You were having the time of your life with your friends and family before your accident. You had planned to travel down the highway and stop at unique destinations along the way. Unfortunately, a dangerous and drunk driver struck you on the road, leaving you and several of your loved ones injured.

Drivers who drink before getting behind the wheel have no place on the roads. They made a bad decision to get into a vehicle without the right mindset and put themselves and others in danger. Now, you're one of the people suffering the consequences.

Would implementing an ignition interlock device keep dangerous drivers off the road?

It's hard to say if using ignition interlock devices would keep all people off the roads when they're drunk, because there's never going to be a chance to install them in all vehicles. Ignition interlock devices, or IIDs, do have the potential to stop repeat offenders, though. First-time offenders won't have IIDs in their vehicles, so there's no way to prevent their vehicles from starting up or allowing them to drive.

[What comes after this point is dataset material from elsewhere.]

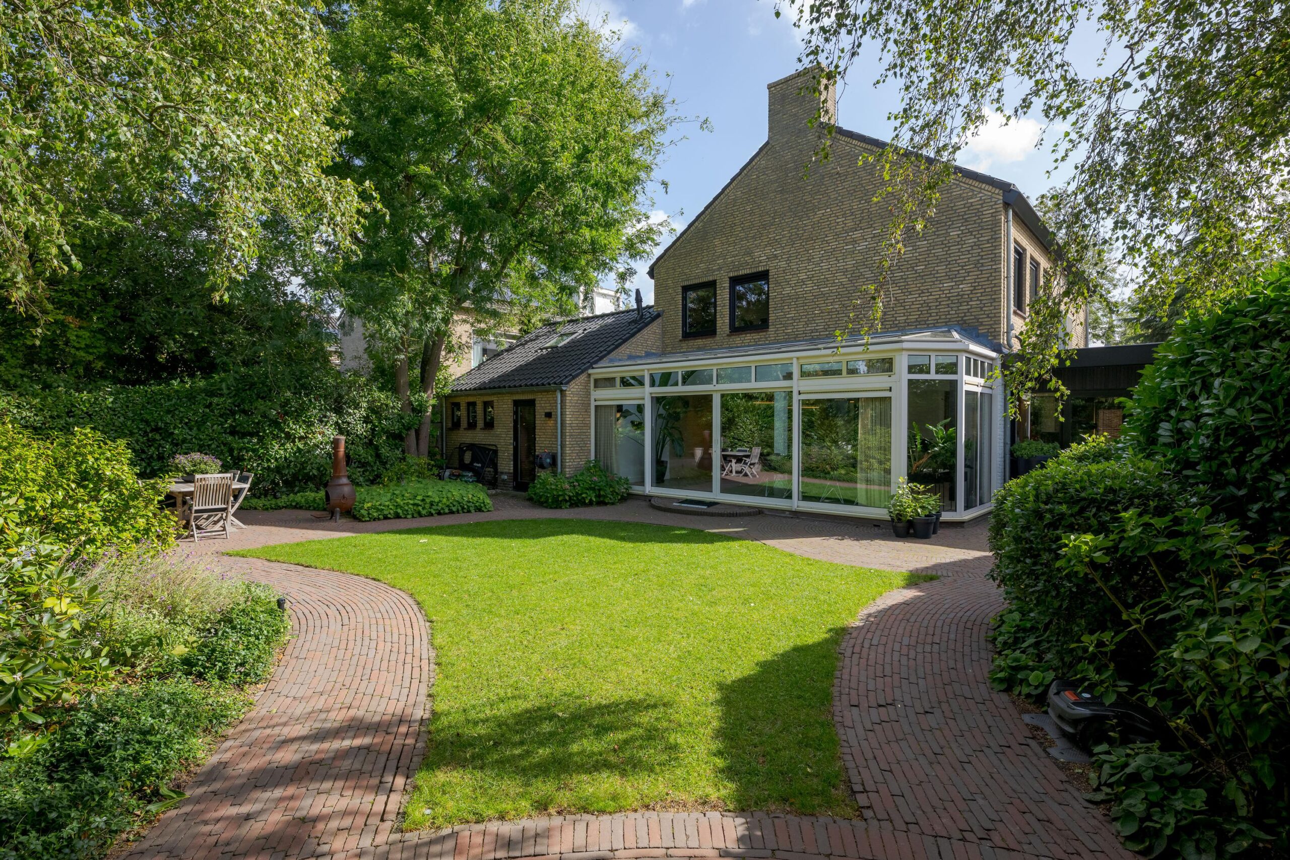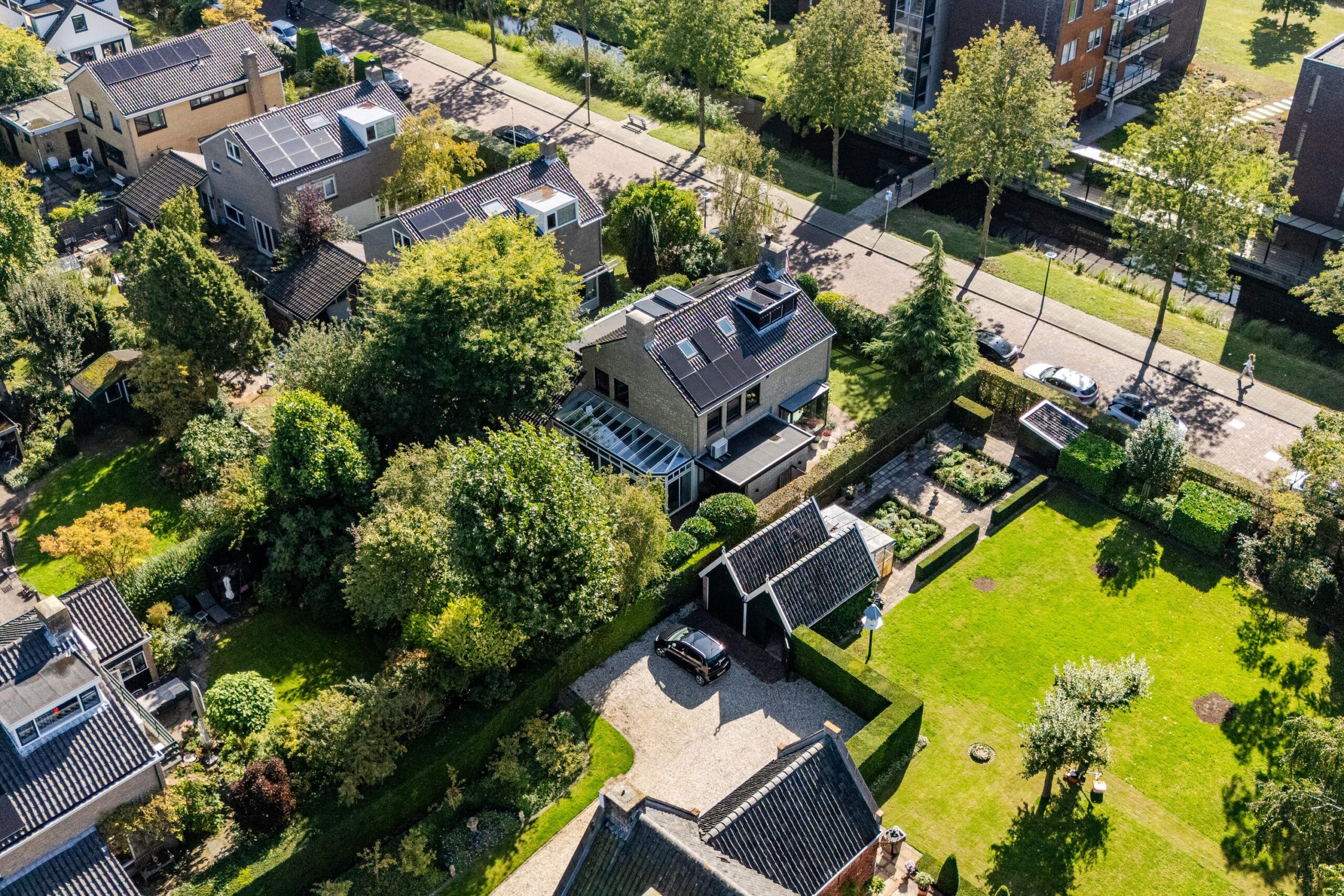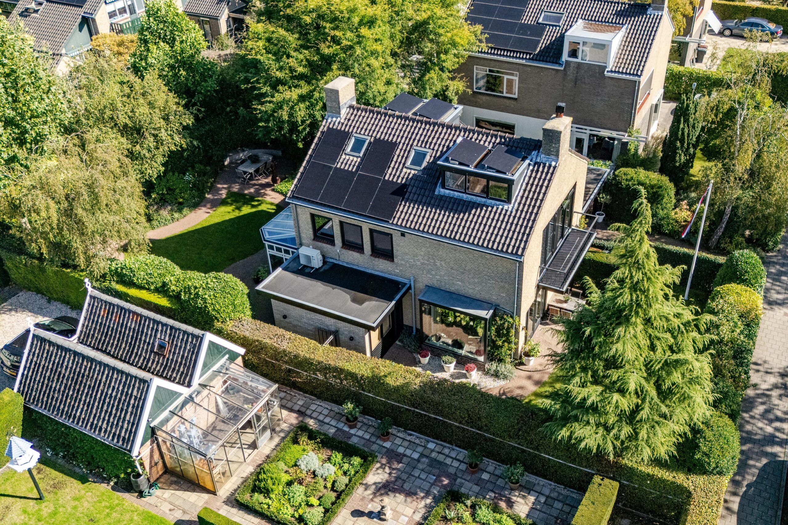 Daarnaast beschikt de woning over een ruime oprit met plaats voor meerdere auto’s, een oplaadpunt, een zonnige voortuin (ca. 100 m²) met beschut terras op het zuiden én een fraai aangelegde achtertuin (ruim 200 m²) op het westen en noorden, voorzien van meerdere terrassen en een irrigatiesysteem.

For drivers who have been caught drunk in the past, an IID is a good tool for keeping them off the road when intoxicated. Keep in mind, however, that those who broke the law before might do so again by getting into a vehicle without an IID, even if they're not licensed or insured to drive it.

What do IIDs do?

IIDs are interesting devices. They have an area where the driver blows into the device. The device takes a reading to determine if the user has a blood alcohol concentration over the legal limit of .08 percent. If not, the car starts up. If the individual is intoxicated over the limit, the vehicle will not start up or will lock the driver out from controlling it.

Once someone fails an IID test, he or she must wait a predetermined period of time before the person can test again. The period of time lengthens each time he or she fails. The IID will not allow a driver to start and drive the vehicle until one's BAC is under .08 percent.

While the person's driving, a second test may be requested. If the person fails it, he or she is meant to pull over immediately. Some vehicles give the driver only a few minutes before shutting off, while others might have alarms or other devices to alert others that the driver is intoxicated.

An IID can help keep dangerous drivers off the road, and they should be used after a person causes a dangerous drunk driving accident. As a victim, it's your right to seek the use of an IID.